Other creation options would be source based (e.g. for multi-sheet Excel/GSheet/ODS, multi-table sql etc.).
Naturally, Streams
will also expose a 'get all stream names' which will be mapped to (for example) all sheet names when working with Excel.
wdyt?
@akariv I agree that it can very ineffective.
The tabulator.Streams
is the best option probably. Although maybe the problem can be resolved with caching on the tabulator
level without introducing new APIs but not sure...
Anyway, @cschloer, I would say that, for now, I see that the only option is to use this code in your custom BCO-DMO processor (load
or separate load_multiple
like) because the required changes to tabulator
are massive and probably it's not possible to do it in this iteration of work. WDYT?
Hmm okay. I've been resisting overwriting the dataflows load
in my custom load processor (so I can keep getting updates from new dataflows versions), but maybe I can figure out a way to get this working within my custom load processor. And maybe something that avoids streaming all of the data, and just gets the sheet names? Thanks for the ideas @roll , I'll update you when I have something and you can look it over if interested
Just throwing this out here:
I was able to use the xlrd open_workbook fucntion with on_demand=True
to not load the entire spreadsheet. Then using sheet_names() to get the sheet names and run regex on them.
if parameters.get('sheet_regex', False):
'''
Handling a regular expression sheet name
'''
xls = xlrd.open_workbook(url, on_demand=True)
sheet_names = xls.sheet_names()
sheet_regex = parameters.pop('sheet', '')

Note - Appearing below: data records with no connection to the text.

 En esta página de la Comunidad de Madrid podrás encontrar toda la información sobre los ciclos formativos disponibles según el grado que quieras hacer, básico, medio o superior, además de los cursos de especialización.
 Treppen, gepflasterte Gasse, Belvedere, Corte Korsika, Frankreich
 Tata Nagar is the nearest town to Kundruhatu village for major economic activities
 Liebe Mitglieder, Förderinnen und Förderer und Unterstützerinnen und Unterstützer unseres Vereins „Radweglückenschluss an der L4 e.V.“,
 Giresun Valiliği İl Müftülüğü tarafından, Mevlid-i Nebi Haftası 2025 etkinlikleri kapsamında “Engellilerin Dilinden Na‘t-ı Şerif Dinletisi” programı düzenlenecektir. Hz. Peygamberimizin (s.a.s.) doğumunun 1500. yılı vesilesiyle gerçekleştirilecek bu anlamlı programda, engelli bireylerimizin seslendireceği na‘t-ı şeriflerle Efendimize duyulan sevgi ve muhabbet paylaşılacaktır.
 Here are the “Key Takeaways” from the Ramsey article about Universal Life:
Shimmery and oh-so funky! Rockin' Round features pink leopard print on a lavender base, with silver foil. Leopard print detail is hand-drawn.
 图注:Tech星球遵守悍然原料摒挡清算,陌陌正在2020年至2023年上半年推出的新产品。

for sheet_name in sheet_names:
if re.match(sheet_regex, sheet_name):
....add to the load....
@cschloer
The problem with tabulator
that this program handles all data source as abstract objects. For example, BCO-DMO software can have knowledge that all files are local and treat them accordingly. But tabulator
has to support remote cases, byte streams etc. And to do this in some generalized way.

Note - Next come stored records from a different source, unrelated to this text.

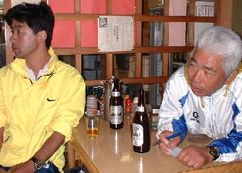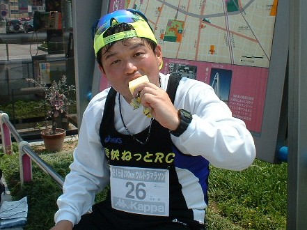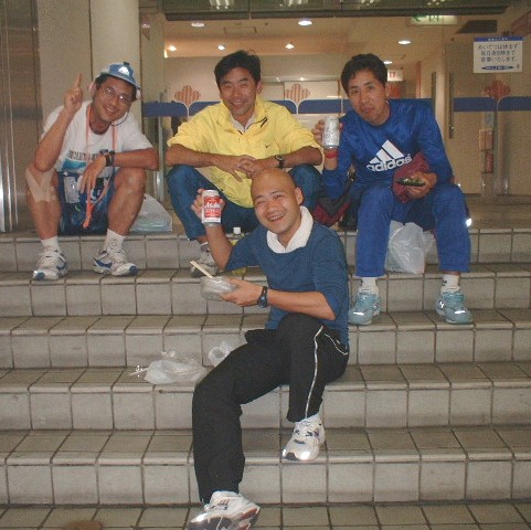 2階へ上がるとリタイアされたランナー、仮眠をとられているランナー等いろいろいらっしゃった中でやはり目立ったのは「スキンヘッド」のマッちゃん。「お疲れさん。止め?」と。90キロのエイドでの表情からは一変していつものマッちゃんの戻っていてホッとする。隣にはコーチャンが。「リタイアです」と言うと、「一旦名古屋へ引き返して金沢へ行こうと思ってんねん」と。
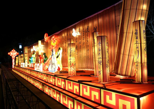 主題燈會老子布道、孔子問禮、武則天祭祖等造型與老子故里、人文鹿邑相得益彰,卡通肥豬為游客獻上一場憨厚的可愛形象,太極殿前日月潭內(nèi)青煙渺渺,在燈光的變化下讓人仿佛步入仙境,各個角落的樹木花草彩光熠熠,整個太清宮內(nèi)是光的海洋……
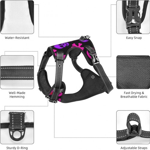 Pet Harness and Leash Purple and Pink Crossbones Skull Adjustable Breathable Pet Harness Animal Outdoor Walking Training Traction Rope Vest for Large Medium Small Dog Breeds
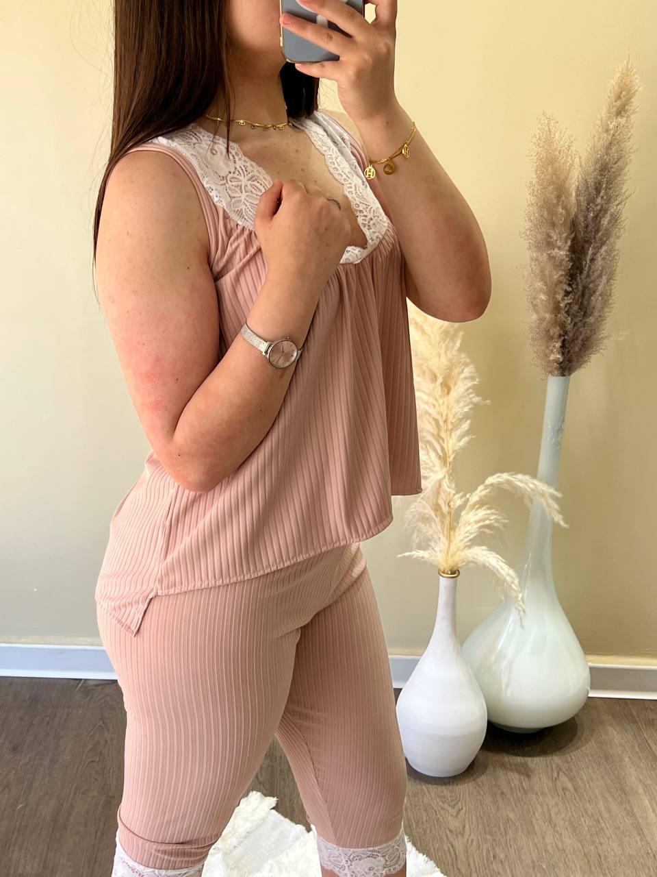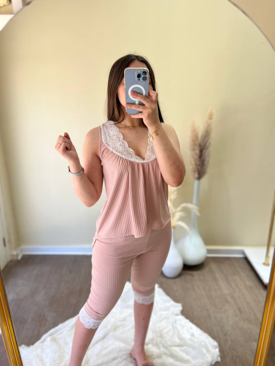 Ensemble 2 pièces – bustier sans manches et pantacourt, ornée de dentelle blanche. COULEURS : Rose / Noir MATÉRIAU : Coton Lycra TAILLES DISPONIBLES : T1(SM) 36-38, T2(LXL) 40-42, T3 (XXl) 44
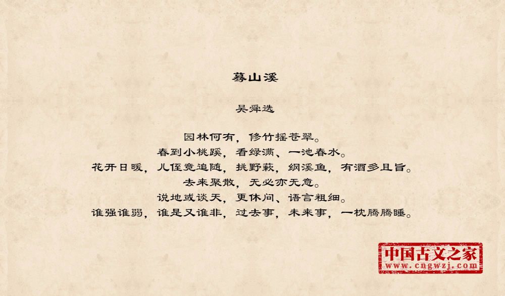 园林何有,修竹摇苍翠。春到小桃蹊,看绿满、一池春水。花开日暖,儿侄竞追随,挑野蔌,纲溪鱼,有酒多且旨。去来聚散,无必亦无意。说地或谈天,更休问、语言粗细。谁强谁弱,谁是又谁非,过去事,未来事,一枕腾腾睡。

BTW, is it possible to run this code on BCO-DMO side? And then just use the standard load
processor?
I close it for now as WONTFIX
Hey, sorry I didn't understand that xlrd_open_workbook() was only working on local files. You are totally correct! This is not too much of a limitation for us, as most of our files come from local paths as you said. I've already added this to my own load processor and am able to keep using the dataflows load so I am good to go :+1:
@roll We are moving our infrastructure to start using remote files inside of local file paths (s3 urls) so the solution I original made does not work (or rather it loads the file n+1 times). Do you think we could revisit the solution suggested by @akariv of handling multiple excel sheets within tabulator?